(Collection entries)
━━━━━━━━━━

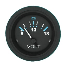 The Sierra 68408P Eclipse 12V Voltmeter provides accurate voltage monitoring for marine electrical systems, measuring 8-18 volts. This premium marine gauge features smart white and blue graphics on a black dial background, combining excellent readability with modern aesthetics.
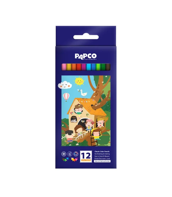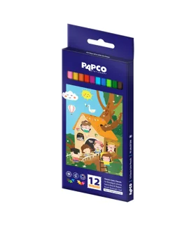 مداد رنگی کلاسیک مقوایی 12 رنگ پاپکو طرح خانه درختی
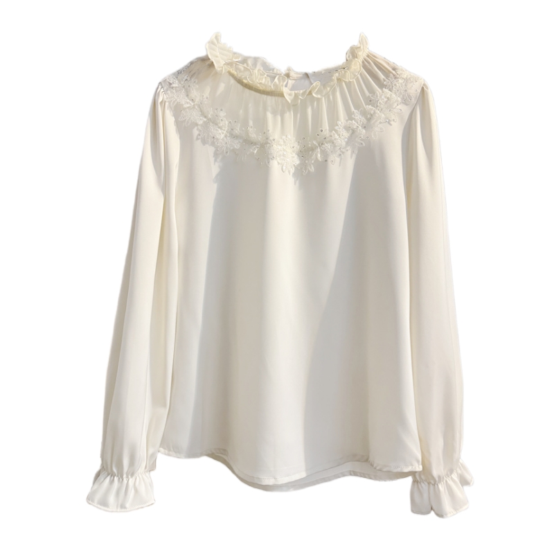 蕾丝拼接花边立领缎面长袖衬衫女2025春季设计感气质法式小衫上衣
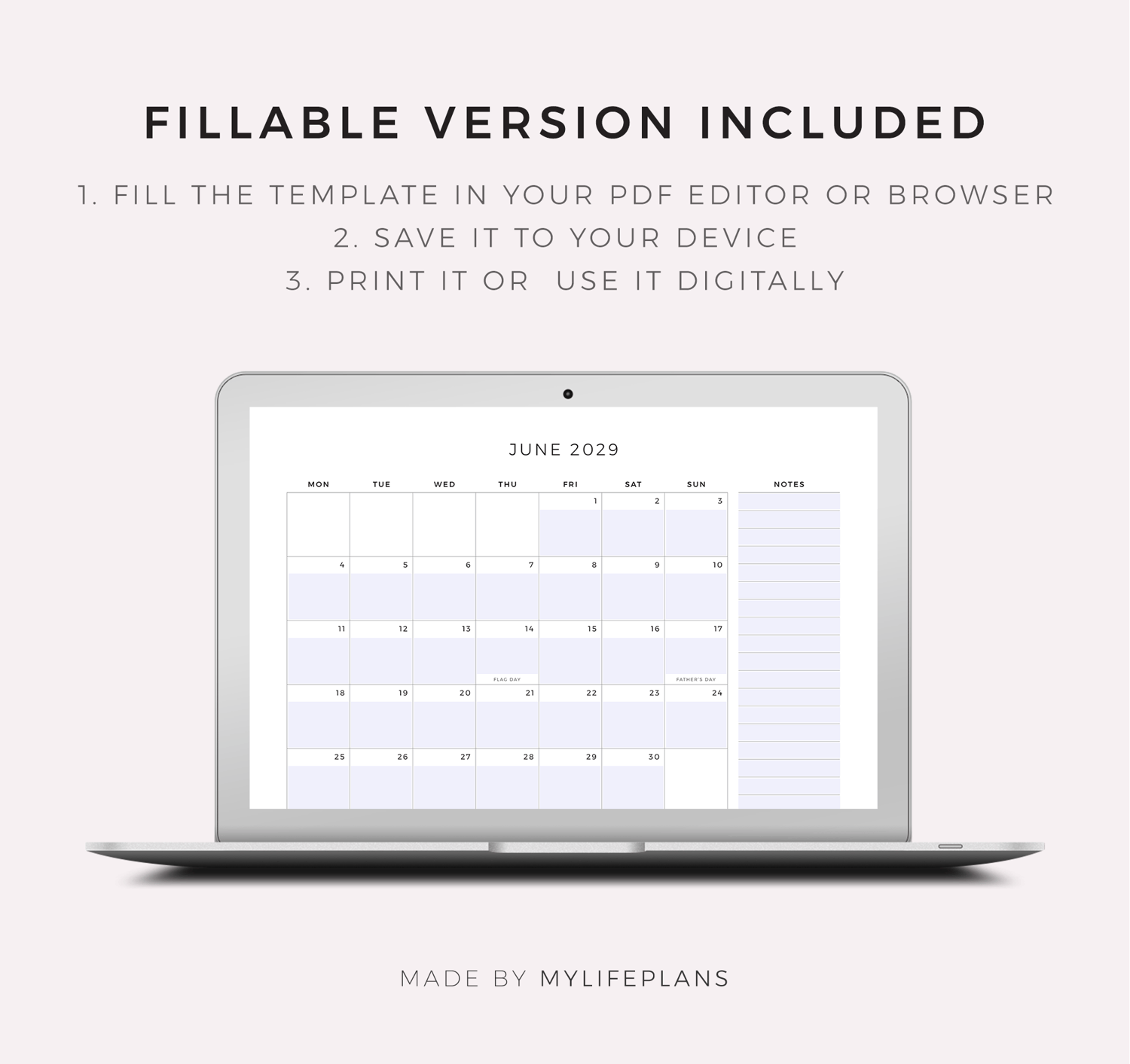 2029 Monthly Calendar with Holidays & Notes, Printable & Fillable, A4/Letter Size, Landscape
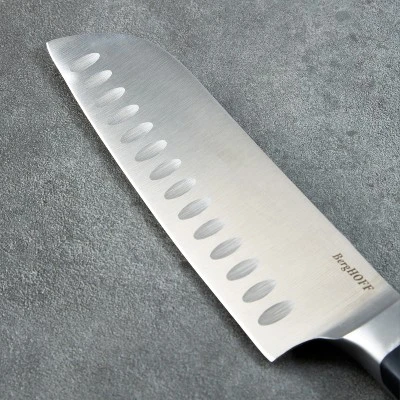 - The Chef’s and Santoku knives features wide blades for various cutting tasks. Slice through tough-skinned fruits and vegetables with the utility knife’s straight cutting edge or utilize the small paring knife for exceptional precision and maneuverability when peeling fruits, vegetables or trimming fat.
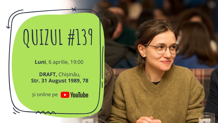 Luni, 6 aprilie, vă invităm la Quizul #139! Jocul va avea loc de la 19:00 la Chișinău, la DRAFT Centru (str. 31 august 1989, 78), și online pe YouTube.
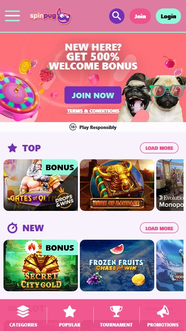 Милый мопс является талисманом бренда, и он улыбается и приветствует посетителей в верхней части полностью функциональной, хорошо продуманной главной страницы казино.
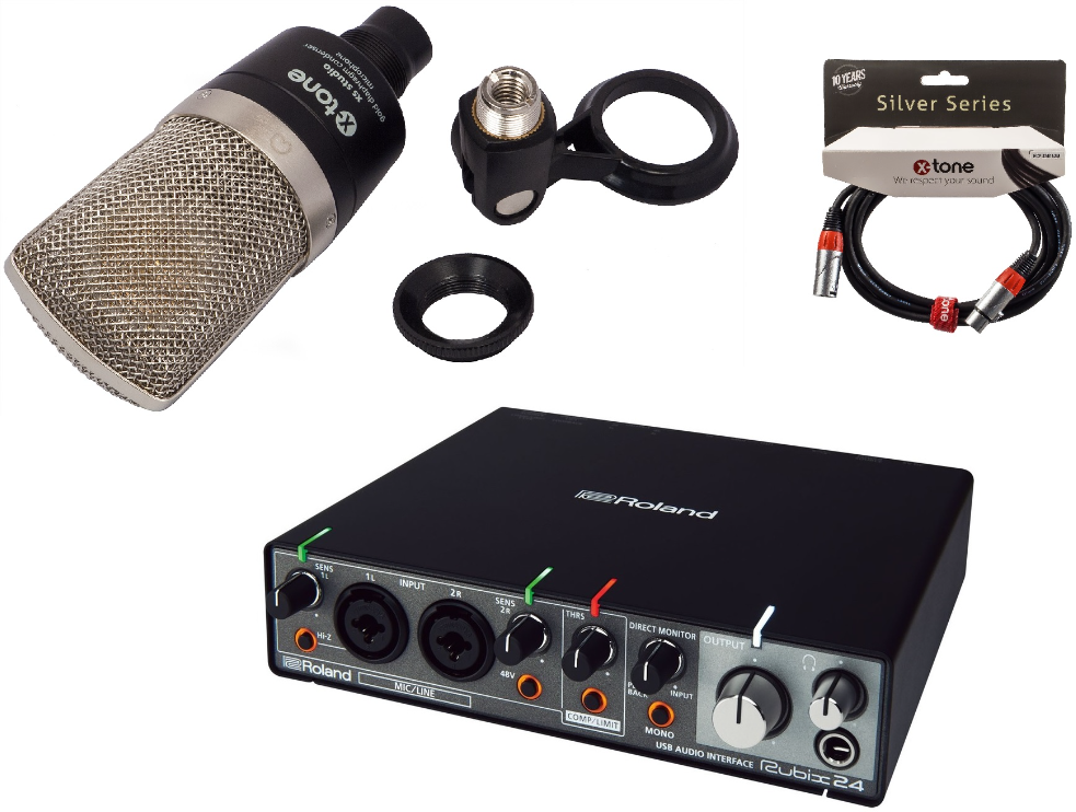 Enregistrez vos premiers sons sur Mac, PC et iPad avec ce pack Home Studio incluant la carte son Roland Rubix 24 + un micro X-Tone XS Studio + 1 câble Xlr 3 mètres.
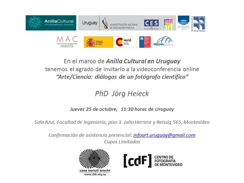El próximo jueves 25 de octubre se realizará la videoconferencia online "Arte/Ciencia: diálogos de un fotógrafo científico" por el PhD Jörg Heieck.
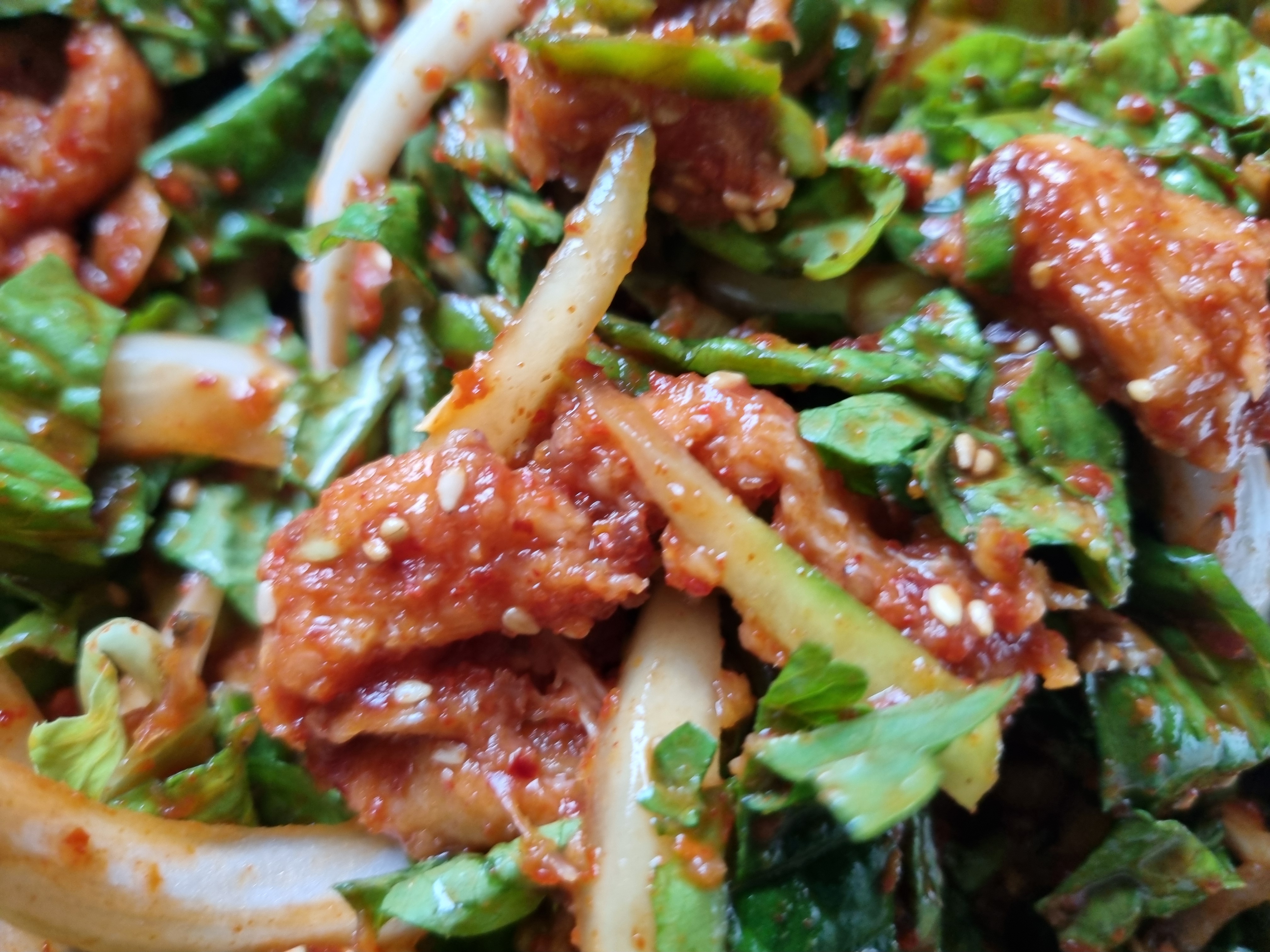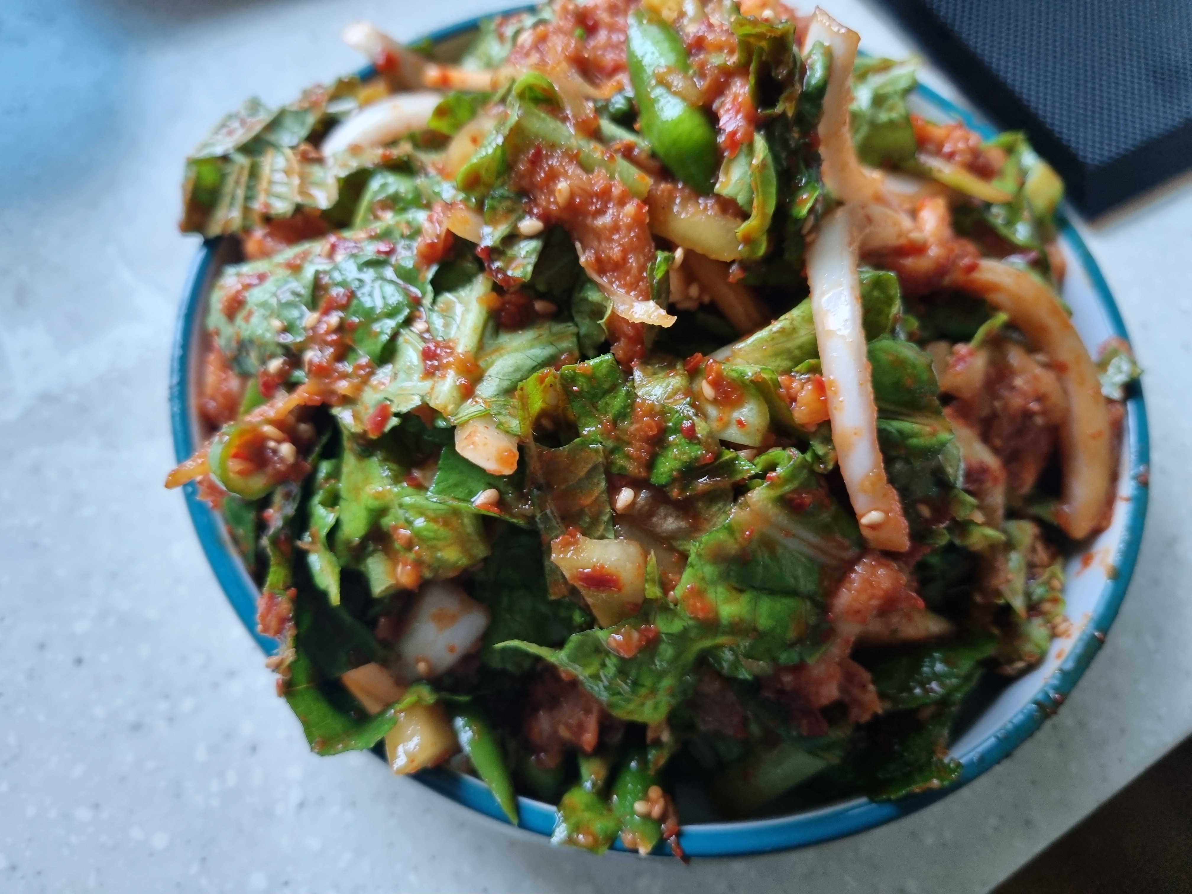 대부분의 재료를 손질하여 놓은 상태입니다. 상추나 깻잎도 잘게 썰어 놓았고 이제는 식초와 고추장, 고춧가루등의 양념을 넣어 잘 혼합하면 됩니다.
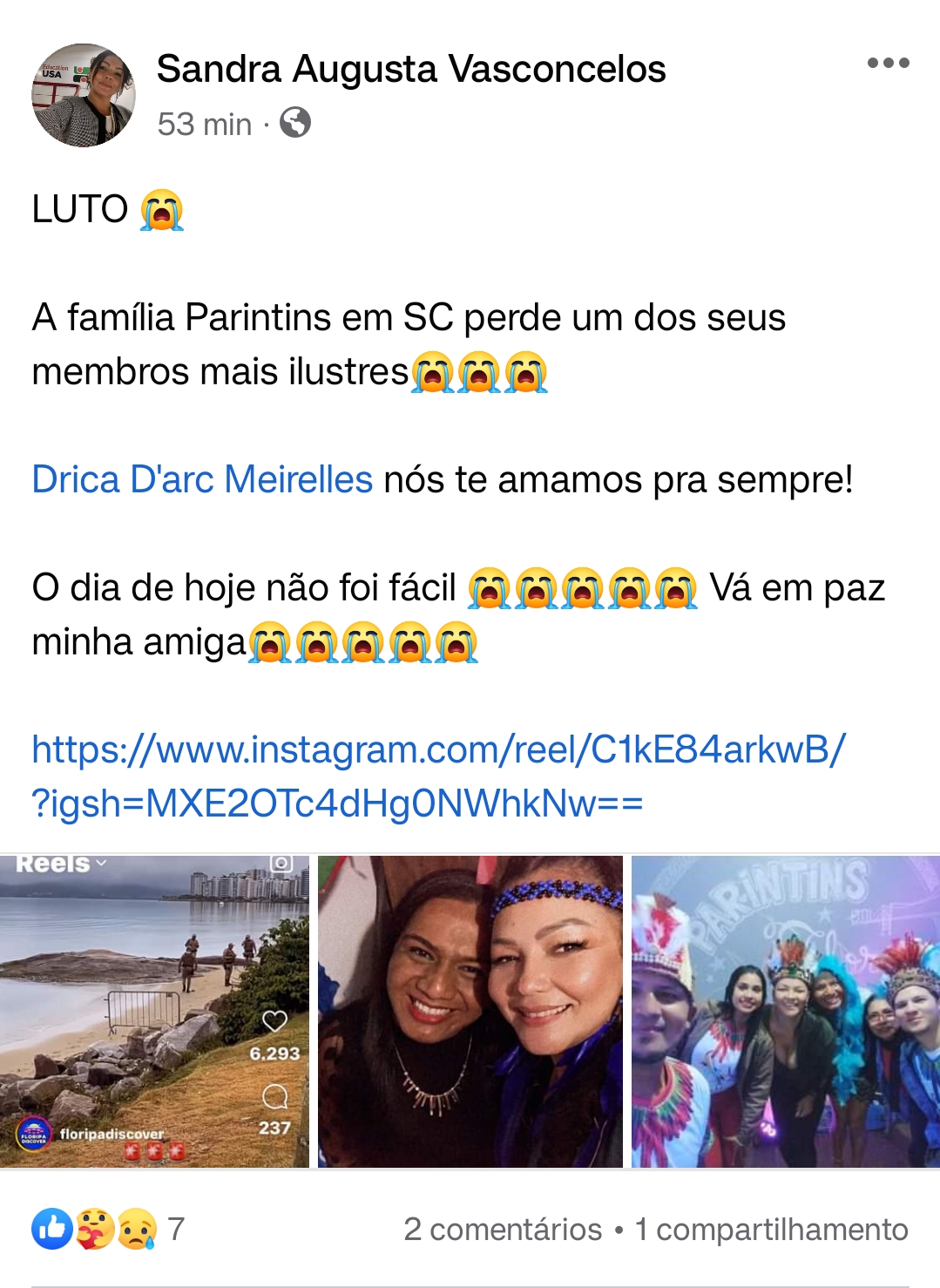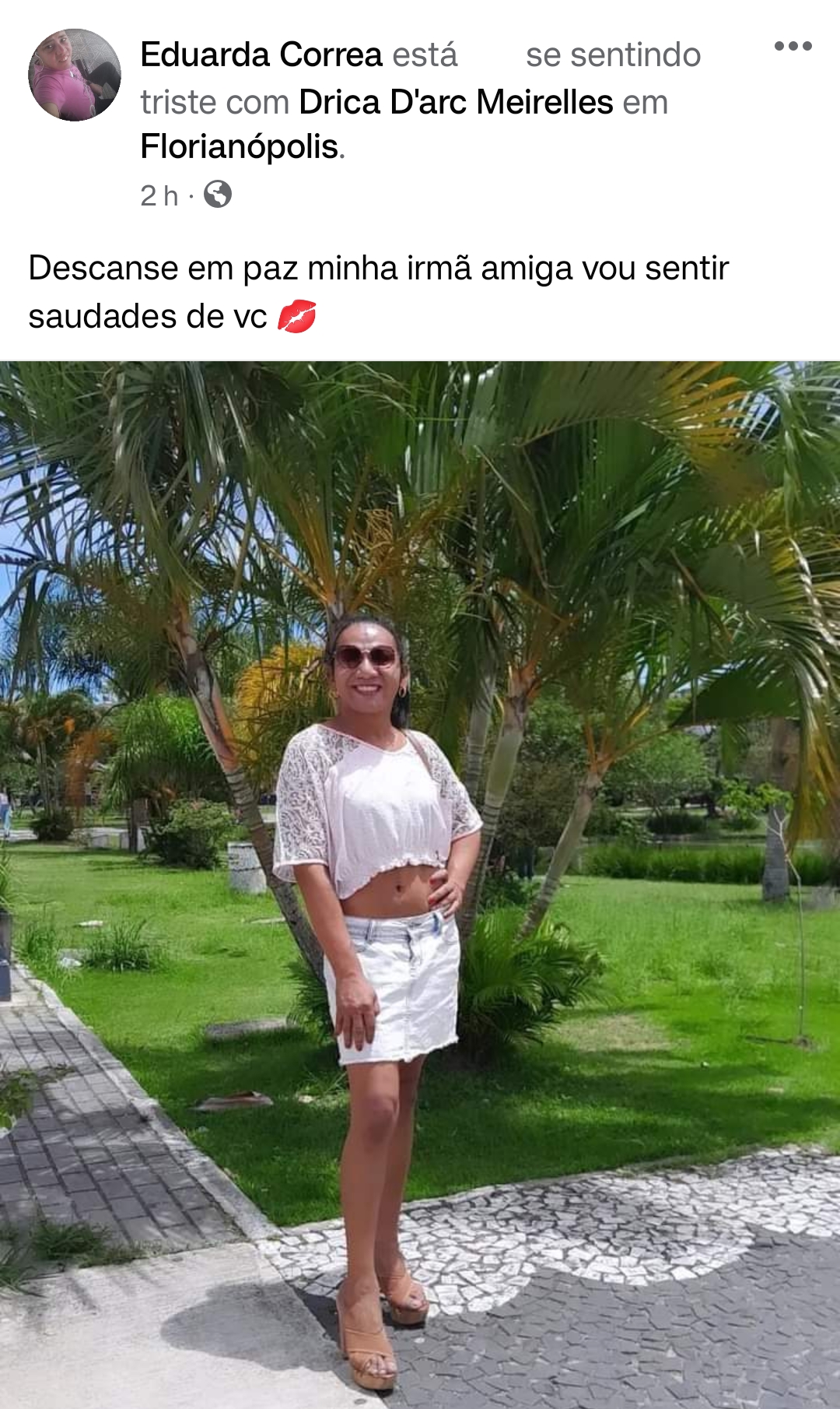 A estudante e ativista da comunidade LGBT, Drica D’arc Meirelles, 39 anos, perdeu a vida por afogamento na Beira-mar Norte, em Florianópolis, nesta madrugada de primeiro de janeiro, após o Show do Réveillon. A informação foi publicada pelos sites de notícias locais.

━━━━━━━━━━

### Exercise brief
Omit the pictures. Write out exactly the lines from the one containing "Luni, 6 aprilie, vă" through the last line of the entries, both of them included.

### Solution below
 Luni, 6 aprilie, vă invităm la Quizul #139! Jocul va avea loc de la 19:00 la Chișinău, la DRAFT Centru (str. 31 august 1989, 78), și online pe YouTube.
 Милый мопс является талисманом бренда, и он улыбается и приветствует посетителей в верхней части полностью функциональной, хорошо продуманной главной страницы казино.
 Enregistrez vos premiers sons sur Mac, PC et iPad avec ce pack Home Studio incluant la carte son Roland Rubix 24 + un micro X-Tone XS Studio + 1 câble Xlr 3 mètres.
El próximo jueves 25 de octubre se realizará la videoconferencia online "Arte/Ciencia: diálogos de un fotógrafo científico" por el PhD Jörg Heieck.
 대부분의 재료를 손질하여 놓은 상태입니다. 상추나 깻잎도 잘게 썰어 놓았고 이제는 식초와 고추장, 고춧가루등의 양념을 넣어 잘 혼합하면 됩니다.
 A estudante e ativista da comunidade LGBT, Drica D’arc Meirelles, 39 anos, perdeu a vida por afogamento na Beira-mar Norte, em Florianópolis, nesta madrugada de primeiro de janeiro, após o Show do Réveillon. A informação foi publicada pelos sites de notícias locais.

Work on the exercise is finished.